Et cette question de l'utilisation du « bousbir » militaire m'amène au pacha de Marrakech. Que ce haut fonctionnaire, décoratif et décoré, ait été patiemment préparé à émerger comme témoin de moralité pour « témoigner » de l'indignité du sultant, _ qu'on l'ait compromis pour cela dans un enchaînement financier qui rappelle étrangement le scandale indochinois de la piastre, cela est du style classique « bureaux arabes ». Mais qu'on ait ignoré le droit musulman au point de disqualifier d'avance un « témoin » aussi précieux en l'encourageant à perfectionner le rendement (hors « quartier réservé », domaine hélas, de Français), taxes contraires au Coran, _ c'est là un oubli inattendu, qui révèle à quel cynisme administratif les Musulmans du Maroc sont livrés par une métropole qui s'obstine à négliger son devoir essentiel outre-mer: réprimer les abus, nazar al-mazalim, comme on dit en droit musulam.

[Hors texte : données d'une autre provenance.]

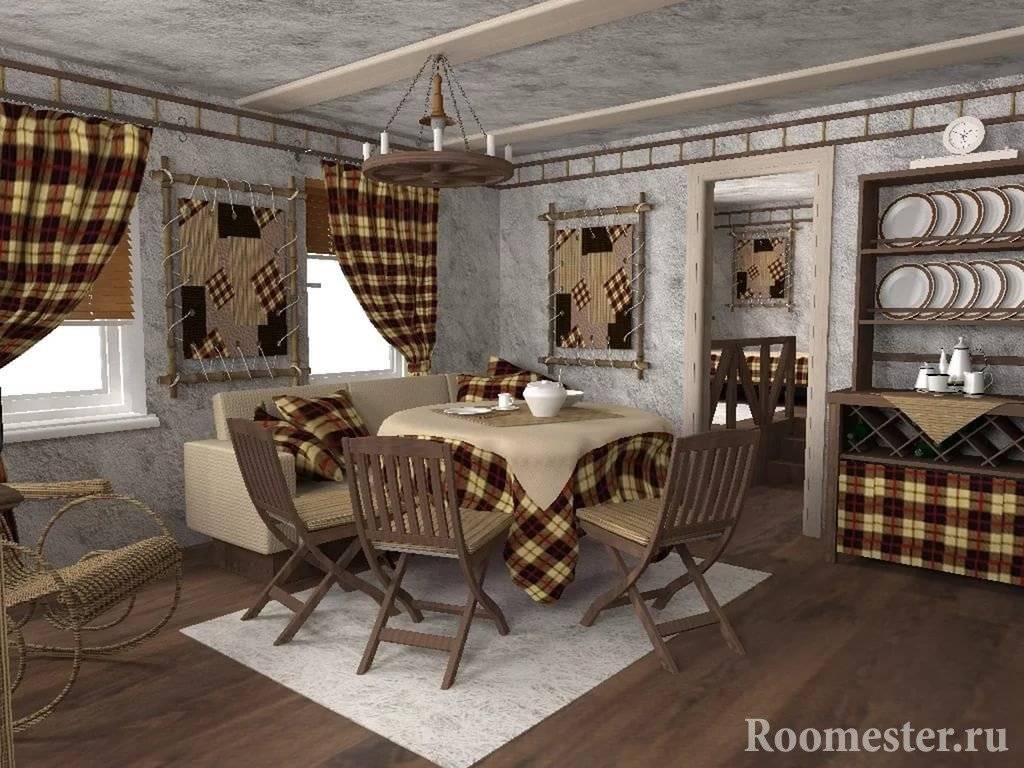 Простая, добротная, солидная мебель из дерева украшена вставками из меди, латуни, бронзы, патины. Каменные камины с полками – практически обязательный атрибут, как и балки на потолке. Диваны и кресла часто обтянуты кожей. Массивные обеденные столы, как правило, с круглой или овальной столешницей. Разноцветные, часто лоскутные одеяла, покрывала, напольные и настенные коврики создают настроение. В роли ковра часто выступает шкура животного, а стены украшаются рогами.

La traite des femmes est, on le sait, le trafic le plus rémunérateur et le plus sûr, la non-application e la loi de 1946 au Maroc donnant conscience nette à nos trafiquants de là-bas, il s'agissait de calmer les scrupules de conscience musulmane chez le pacha, en usant du magnifique escamotage des responsabilités légales que constitue la loi française des sociétés anonymes, dont les proxénètes bénéficient depuis toujours en France (surtout depuis la circulaire Peyroutou du 24 décembre 1940, d'un cynisme ingénu). Dès 1933, la Société d'Urbanisme fondée pour un Yoshiwara de 6000 pensionnaires au Guelliz s'assurait une participation de 50 millions du pacha; et, à l'échec, en 1936, les hauts protecteurs du pacha actionnèrent le Parlement pour la lui faire rembourser par la Caisse des Dépôts et Consignations. D'autres participations plus durables suivirent, grâce à la concentration des capitaux français de la traite au Maroc, et confirmèrent le pacha dans ce rôle de « couverture » musulmane et marocaine d'un consortium anonyme, assez puissant pour l'accréditer à Paris, dans la haute finance et le Parlement. Ce témoin disqualifié est devenu « l'ami de la France », précieux, indispensable, qu'on essaya de faire figurer au Couronnement à Londres, à l'Académie, au dîner d'un « catholique aveuglé » (je lui restitue ce qualificatif, dont il nous décore dans ses communiqués de presse _ le Monde, 28 juillet, Témoignage Chrétien, 28 août), président du Conseil du Canal de Suez, au pauvre Livre d'Or du Conseil Municipal de Paris. »
Ouvrage cité: « Les rouages secrets de la prostitution réglementée » M. Legrand-Falco, 2° édition, Paris, 1936, p.18-19.